Apologetika Katolik melihat titik ini sebagai bukti bahwa Reformasi sejak awal mengandung cacat internal. Ketika Luther dan Melanchthon menyarankan bigami sebagai solusi, mereka bukan hanya melemahkan otoritas moral mereka sendiri, tetapi juga menyingkap kontradiksi mendasar: sola scriptura dijadikan alat politik, bukan pedoman iman. Skandal ini menjadi cermin bahwa ketika iman dilepaskan dari Magisterium Gereja, ia segera terperangkap dalam relativisme tafsir dan kompromi dengan hawa nafsu.

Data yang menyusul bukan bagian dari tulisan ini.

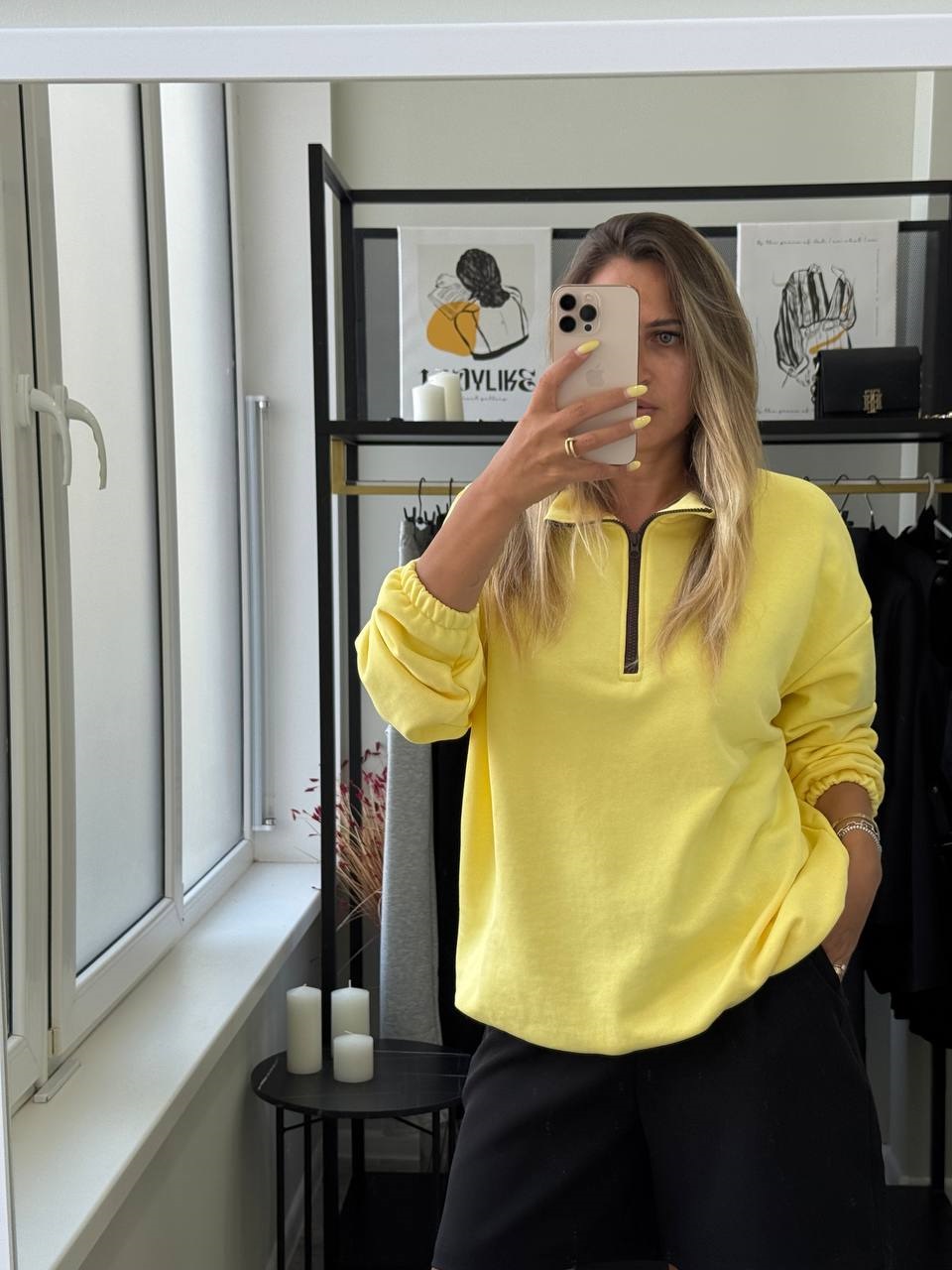 Головна » Магазин » Одяг » Кофти, толстовки, худі, светри » Свитшот оверсайз с воротником на молнии лимон
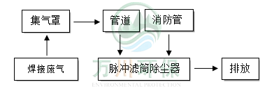 工程師根據(jù)現(xiàn)場(chǎng)焊接煙塵性質(zhì)粒徑、現(xiàn)場(chǎng)工況等因素考量,故采用脈沖濾筒除塵器作為處理設(shè)備
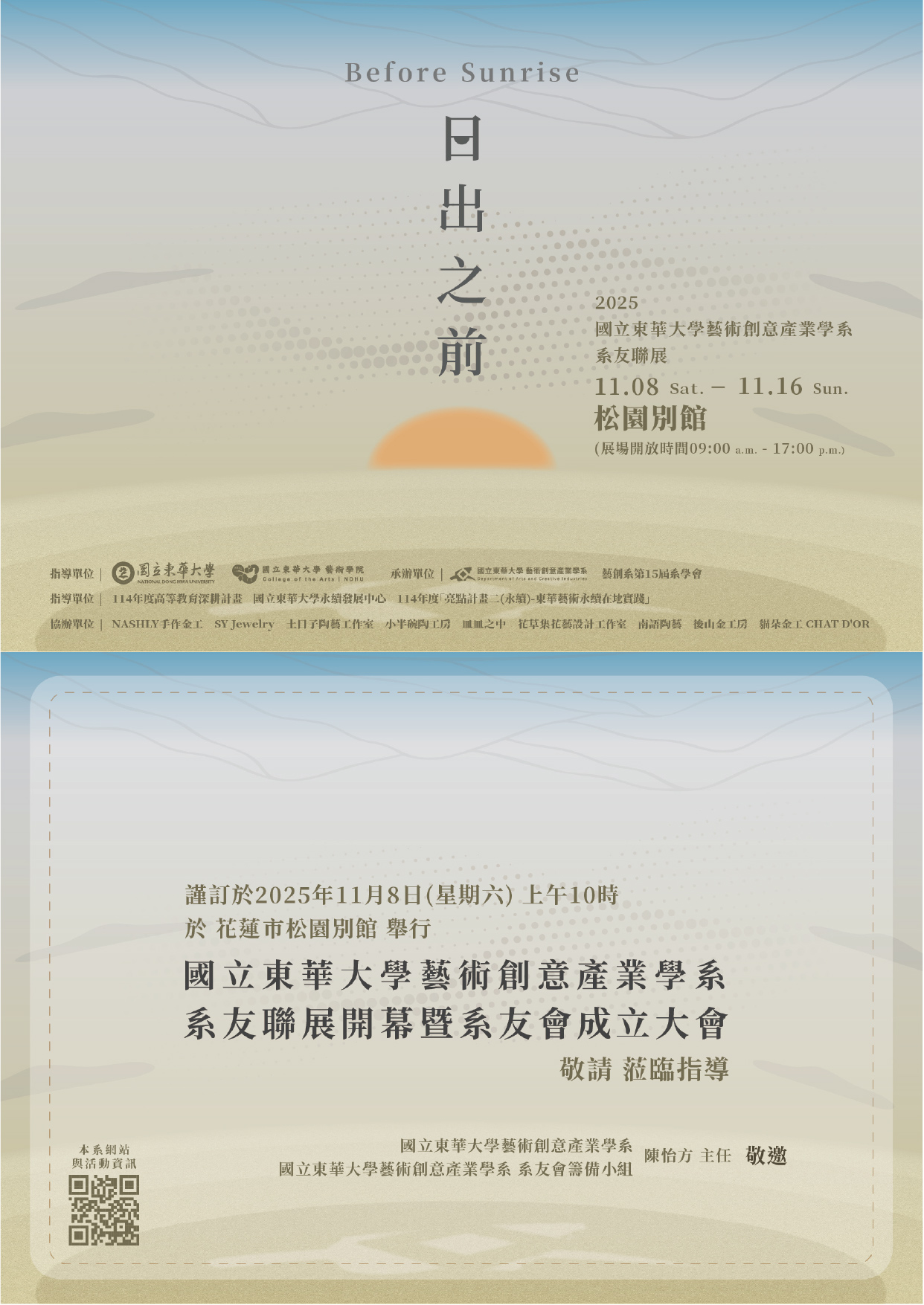 分類: 活動公告, 其他公告 來源: 藝術創意產業學系 - 謝明海 - ocean@gms.ndhu.edu.tw - 電話8905889 對象: 全校教職員_全校教師_全校職員_全校學生_兼任教師_退休教職員 標題: 【藝創校慶系列特展】114/11/8~11/16「日出之前-2025國立東華大學藝術創意產業學系系友聯展」敬邀蒞臨11月8日開幕茶會 日期: 2025-11-05  ( 星期三 )  08:21 附檔: 2025日出之前--國立東華大學藝術創意產業學系系友聯展_邀請卡.jpg (618 KB)   日出之前-2025國立東華大學藝術創意產業學系系友聯展.jpg (141 KB)
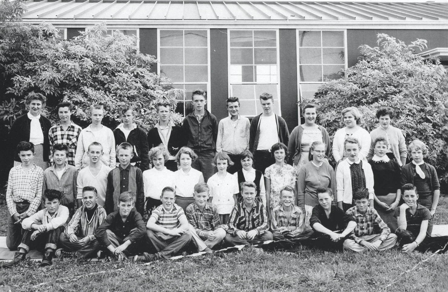 13A Huronia School, Huronia Road and the 10th Sideroad, Beth Bowman, Principal: Front row: Ken Morrow, Brian Bentley, Glen Crow, Joe__, Michal Newham, Henry Rumble, Paul Lackie, Gordon McKinnon, Larry Lloyd, Robert Mitchell Middle row: John Vieira, Mahlon Srigley, Ken Kroeker, Ken Smith, Georgina Noon, Rosemary Johnson, Elene Rodgers, Barbara Hoskin, Virginia Ortt, May Foster, Frances Belt, Elaine Rolfe, Sherry Campbell Third row: Ernest Amero, Lyn Smith, Dennis Corby, Fred Mason, Raymond Cromarty, Edward Irvine, Keith Chard, Karen Boyd, Joan Grozelle, Sharon Lewis.
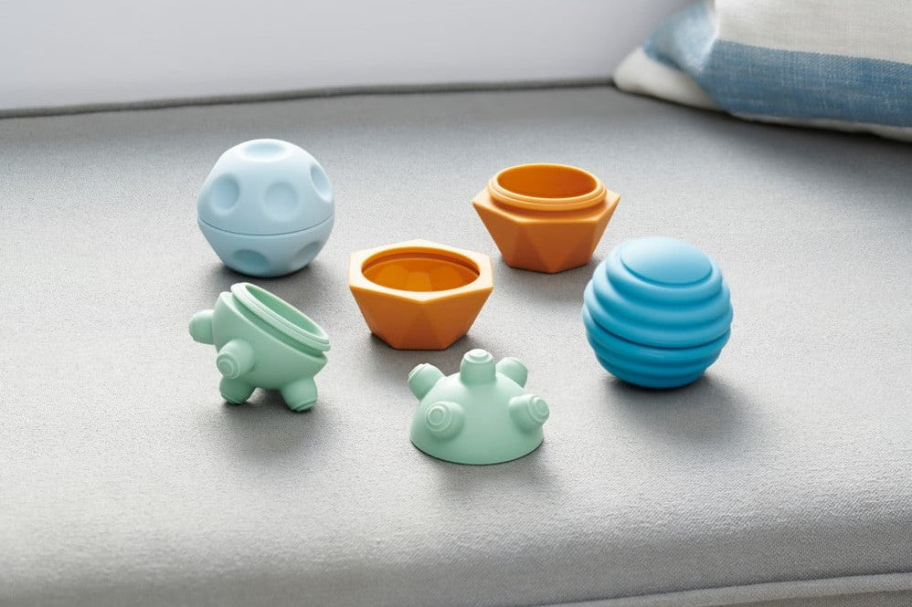 Met verschillende tactiele texturen, ribbels, patronen en bobbels, kunnen deze sensorische ballen worden gedraaid om open te springen en gevuld met gedroogde pulsen of kralen om natuurlijke sensorische shakers te creëren.
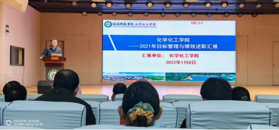 今年会官网党委书记郭鹏全程参会,并代表学院对2021年度目标管理与绩效任务完成情况进行了7分钟述职汇报,展示了学院党建与思想政治教育、本科教学、学科与研究生培养、科学研究、人才队伍建设、学生培养、安全稳定等全面业绩成效。郭鹏汇报分为两部分:目标管理与绩效完成情况;存在不足与努力方向。他从办学条件、教学工作、学科建设与研究生培养、科研工作、学生工作五个方面对目标管理与绩效进行了详细解读汇报。郭鹏指出,2021年度今年会官网的教师博士化率稳步提升、师资力量进一步增强,省厅级、校级高层次创新人才多次入选,认定高层次人才5人,教授和副教授职称评审通过5人,引进博士2人,国际访学交流2人;仪器设施不断完备,仪器设备总资产达6000多万;学院始终坚持“以本为本”,推进“四个回归”,着力打造化院本科教育教学特色育人品牌,教学工作中心地位进一步巩固;基层教学组织建设、专业课程建设稳步推进,一批青年教师不仅站稳了讲台,而且站出了品牌,张钰、许婧、马献涛等老师在各种教学比赛中屡获大奖,教室、实验室“两室”贯通、协同育人本科教学工作品牌建设成效明显,“一院一品”创建初见成效,毕业生应届考研升造142人,整体录取率始终保持高位40%以上,2021年度本科教学工作目标考核获第1名;学科建设与研究生培养稳步推进,“重点集成、提质增量”推动学科高质量发展,ESI高被引论文9篇、学科ESI排名前1%,自然指数稳步上升;高水平导师队伍促研究生培养,硕士研究生产出一大批研究成果和荣誉奖项,研究论文、发明专利、奖学金、优秀硕士论文等多人次获得。

Artikel ini akan menelusuri dua kasus besar: konsesi bigami kepada Henry VIII dan legitimasi bigami Philip dari Hesse. Keduanya bukan sekadar peristiwa memalukan, melainkan juga menjadi saksi sejarah bahwa klaim Reformasi untuk membawa pembaruan justru hancur di hadapan realitas. Dengan membaca ulang kisah ini, kita akan melihat bagaimana Gereja Katolik tetap konsisten mempertahankan hukum kodrat perkawinan, sementara Reformasi goyah di tengah tarik-menarik politik dan hasrat manusia.

 

I. Kasus Henry VIII dan Konsesi Bigami

1. Latar Belakang Politik dan Teologis

Henry VIII dari Inggris terkenal karena skandal pernikahannya dengan Catherine dari Aragon. Sang raja yang gelisah karena tak kunjung memperoleh pewaris laki-laki, mencari legitimasi untuk menceraikan istrinya. Gereja Katolik menolak tuntutan perceraian tersebut, sebab perkawinan sakramental bersifat tak terceraikan. Dalam keadaan ini, agen Henry, Robert Barnes, mendekati Martin Luther pada tahun 1531 untuk mencari solusi alternatif

Alih-alih menegaskan larangan Injil terhadap perceraian dan poligami, Luther membuka sebuah celah yang berbahaya: ia menyarankan bahwa lebih baik sang raja mengambil istri kedua daripada menimbulkan perpecahan politik di Inggris. Dengan mengacu kepada para Patriark dalam Perjanjian Lama yang memiliki banyak istri, Luther menjustifikasi bigami sebagai “jalan keluar darurat.”

2. Konsesi Melanchthon

Philipp Melanchthon, teolog Wittenberg yang kerap dipandang lebih moderat dan rasional, justru melangkah lebih jauh. Dalam memorandumnya pada 23 Agustus 1531, ia menegaskan bahwa poligami “tidak dilarang oleh hukum ilahi.” Ia bahkan menambahkan bahwa untuk menghindari skandal, Henry sebaiknya meminta izin dari Paus untuk bigami—dan jika ditolak, ia bisa menikah lagi dengan otoritasnya sendiri, karena “hukum kasih” mengharuskan dispensasi semacam itu

Melanchthon menyatakan, walau ia enggan mengizinkan poligami secara umum, dalam kasus khusus ini demi kepentingan kerajaan dan hati nurani sang raja, bigami dapat diterima. Baginya, demi stabilitas politik Inggris, Henry bisa dengan “hati nurani yang baik” mengambil istri kedua sambil tetap mempertahankan Catherine sebagai ratu.

3. Analisis Apologetik

Di sini terlihat ironi yang tajam. Para reformator yang mengklaim sola scriptura justru memperalat Kitab Suci untuk memberi pembenaran moral kepada tindakan yang jelas-jelas bertentangan dengan ajaran Kristus: “Keduanya menjadi satu daging” (Mat 19:6). Kristus tidak pernah menambahkan klausul “kecuali dalam keadaan darurat politik.”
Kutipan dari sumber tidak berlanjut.